Greatest Common Divisor


One of the fundamental tools used in cryptography over the last few decades has been the Greatest Common Divisor (GCD), which is used in the process of generating and verifying RSA encryption keys. This article will walk through a few algorithms to find the answer quickly and efficiently.

What is the Greatest Common Divisor

The greatest common divisor is defined as the largest number that wholly divides two given numbers so that there is no remainer left. For example, the GCD of 12 and 18 is 6 because the numbers 12 and 18 can be divided by 6 without any remainder.

Basic Algorithm

The easiest concept to try when first learning about the greatest common denominator is to iterate over every value that can possibly be a common denominator. It is slow and clunky but it at least works - and computers are fast these days anyway.

function BasicAlgorithm(left: number, right: number) {
    let bestSoFar: number = 1;

    // Iterate over every number until the left or right value is reached
    for (let i: number = 2; i <= Math.min(left, right); i++) {
        if ( left % i === 0 && right % i === 0 ) {
            // Found a new highest value
            bestSoFar = i;
        }
    }
    return bestSoFar;
}

Using the above function, lets test how long things take.


Well that was pretty quick.

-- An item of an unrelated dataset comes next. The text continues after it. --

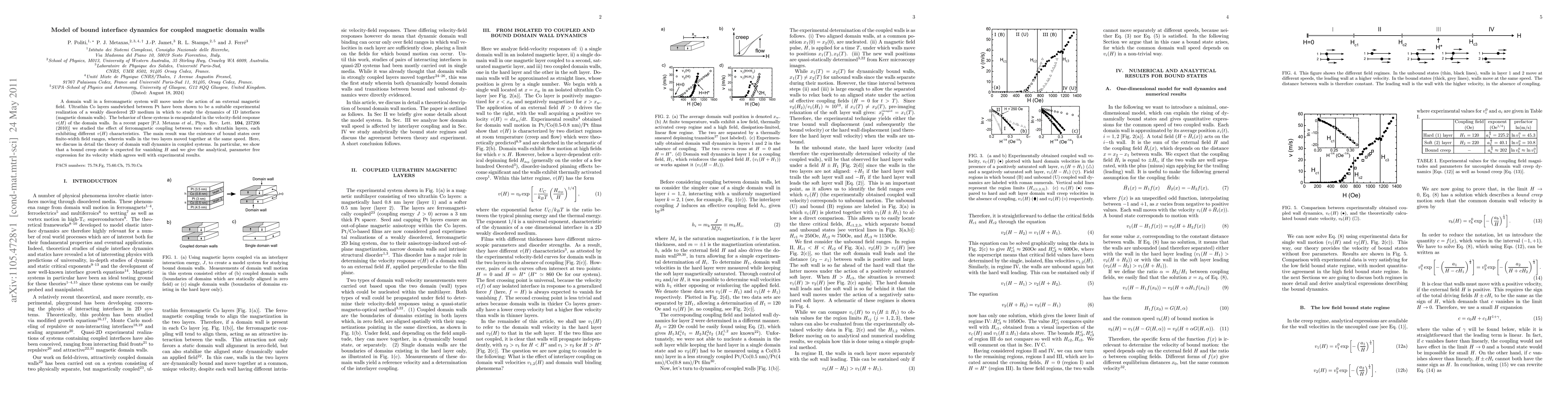 This paper develops a theoretical model for the dynamics of coupled magnetic domain walls in ultrathin Co layers sandwiched between Pt, showing that coupled walls can form bound states moving together at the same velocity. It provides an analytical expression for the velocity of the bound creep state at zero magnetic field, which aligns well with experimental observations.

Unless something went drastically wrong you should see < 1ms of time elapsed for all the required checks above. The main reason of this is that it just doesn’t take long to do anything with small lists. Below is the exact same algorithm from above, but this time with much larger numbers.


This time the process takes ages! The reason for this is there are ~1 billion iterations occurring which even on a fast machine will take quite a few seconds to complete. In order to make an efficient algorithm to find the GCD we are going to have to think of something new.

Some efficient filtering of values we know are not possible should speed things up. This such as:

  1. We can cut out half the checks by removing any values between the lowest number and half the lowest number.
  2. Filter out any value that is larger than the difference between the lower and higher numbers.

For the initial example above that would mean instead of 999999999 checks there only needs to be 234567891 checks done which is four times fewer possible iterations.

This is a good saving, but there is an even better option.

Efficient Algorithm

An interesting fact about the Greatest Common Divisor is that while the divisor must equally divide into the given numbers, it must also equally divide into the remainder between the two numbers when the larger is divided by the smaller. This can be done again with the two new smallest numbers gives another smaller value, and repeated until the largest divisor is found.

Lets have a look at an example. Say we are using the two numbers 20 and 8. Using the knowledge that it must divide into the difference we know that our divisor must also go into 4 calculated by 20 % 8.

Taking the remainder between the two lower numbers we can then find that 8 % 4 = 0. Having 0 tells us we have already found the answer which is 4.

This scales really well even for massive numbers. Lets try a larger example.

Numbers are 1234567890 and 999999999.

> 1234567890 % 999999999 = 234567891
> 999999999 % 234567891 = 61728435
> 234567891 % 61728435 = 49382586
> 61728435 % 49382586 = 12345849
> 49382586 % 12345849 = 12345039
> 12345849 % 12345039 = 810
> 12345039 % 810 = 639
> 810 % 639 = 171
> 639 % 171 = 126
> 171 % 126 = 45
> 126 % 45 = 36
> 45 % 36 = 9
> 36 % 9 = 0

So the result for the GCD is 9 which was found after just 13 attempts. Try it out now with different values below to see how many iterations you can make!

NOTE: You are limited by the default Javascript max int value of 9007199254740991.


Conclusion

This efficient algorithm is a great reminder that if there is an interesting numeric problem you are looking at, there may be clever little tricks which hugely reduce that amount of work required. The naive approach is often not a good one either!